§ Records to process:
----
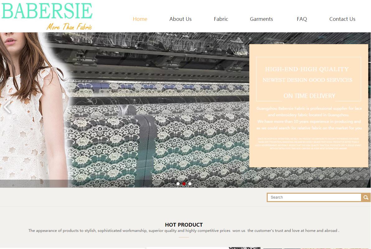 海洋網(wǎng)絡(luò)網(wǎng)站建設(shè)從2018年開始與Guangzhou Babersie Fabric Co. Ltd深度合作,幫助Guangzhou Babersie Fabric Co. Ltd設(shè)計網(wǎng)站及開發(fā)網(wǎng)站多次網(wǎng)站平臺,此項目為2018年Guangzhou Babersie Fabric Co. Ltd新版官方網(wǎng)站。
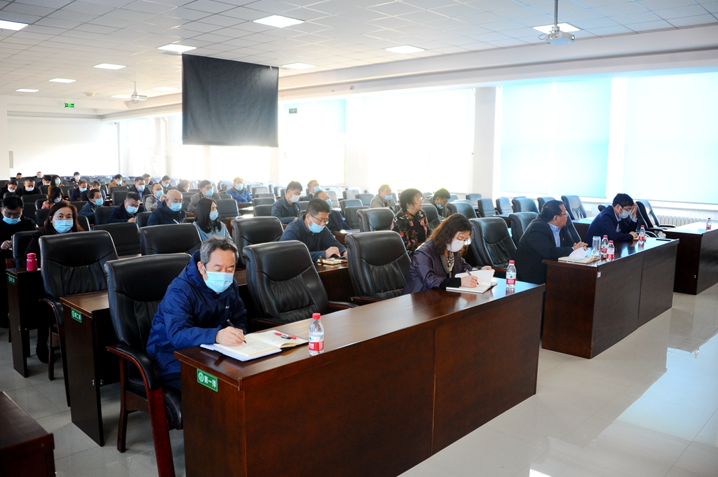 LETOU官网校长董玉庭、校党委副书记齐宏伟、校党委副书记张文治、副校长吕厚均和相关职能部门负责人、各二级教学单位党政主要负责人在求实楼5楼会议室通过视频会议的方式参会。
----
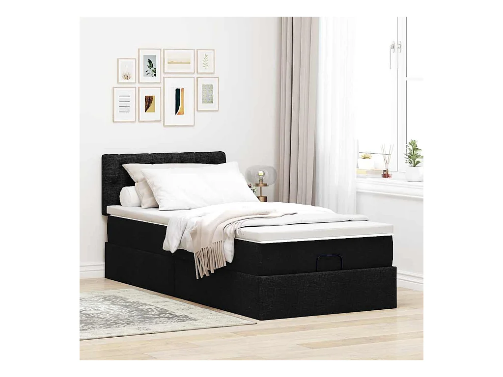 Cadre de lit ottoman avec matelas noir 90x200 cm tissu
----
§ About this task:
Only one stretch of the listing above is to be duplicated: the lines from the one containing "海洋網(wǎng)絡(luò)網(wǎng)站建設(shè)從2018年開始與Guangzhou Babersie Fabric" through the one containing "LETOU官网校长董玉庭、校", both included. Copy them exactly, minus the pictures.

§ Expected answer:
 海洋網(wǎng)絡(luò)網(wǎng)站建設(shè)從2018年開始與Guangzhou Babersie Fabric Co. Ltd深度合作,幫助Guangzhou Babersie Fabric Co. Ltd設(shè)計網(wǎng)站及開發(fā)網(wǎng)站多次網(wǎng)站平臺,此項目為2018年Guangzhou Babersie Fabric Co. Ltd新版官方網(wǎng)站。
 LETOU官网校长董玉庭、校党委副书记齐宏伟、校党委副书记张文治、副校长吕厚均和相关职能部门负责人、各二级教学单位党政主要负责人在求实楼5楼会议室通过视频会议的方式参会。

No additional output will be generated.